Recorded information:
____
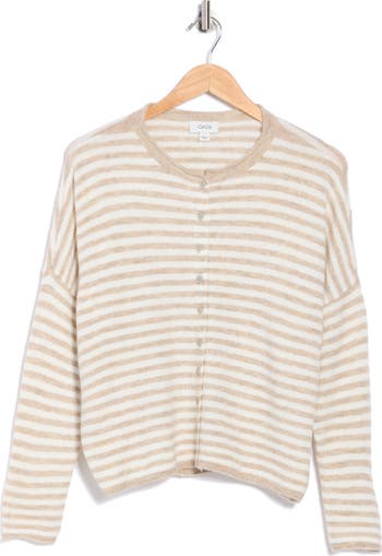Casual outings call for the classic comfort of a striped cardigan that looks great on its own and can be layered under or over your favorite chilly-day looks.
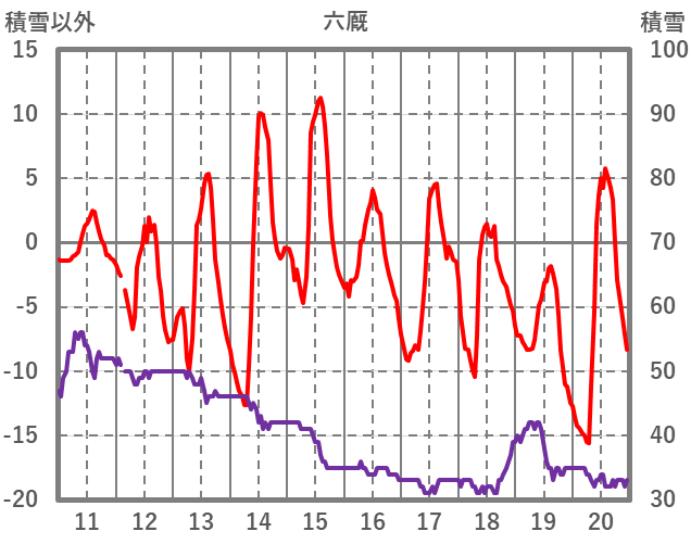 | 日 | 時 | 気温 | 降水 | 風向/風速 | 日照 | 積雪 | 降雪 |
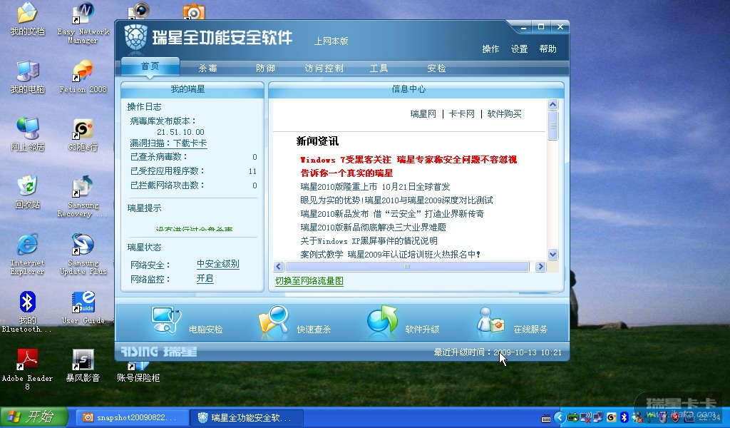 建议修复软件试试,开始—所有程序—瑞星—修复软件。现在有瑞星全功能2010上网本专用,搂主可以下载安装试试(安装前要把以前版本完全卸载)
____
What the exercise asks: Line by line and exactly, write out the material above. Skip the pictures.

Finished task:
Casual outings call for the classic comfort of a striped cardigan that looks great on its own and can be layered under or over your favorite chilly-day looks.
 | 日 | 時 | 気温 | 降水 | 風向/風速 | 日照 | 積雪 | 降雪 |
 建议修复软件试试,开始—所有程序—瑞星—修复软件。现在有瑞星全功能2010上网本专用,搂主可以下载安装试试(安装前要把以前版本完全卸载)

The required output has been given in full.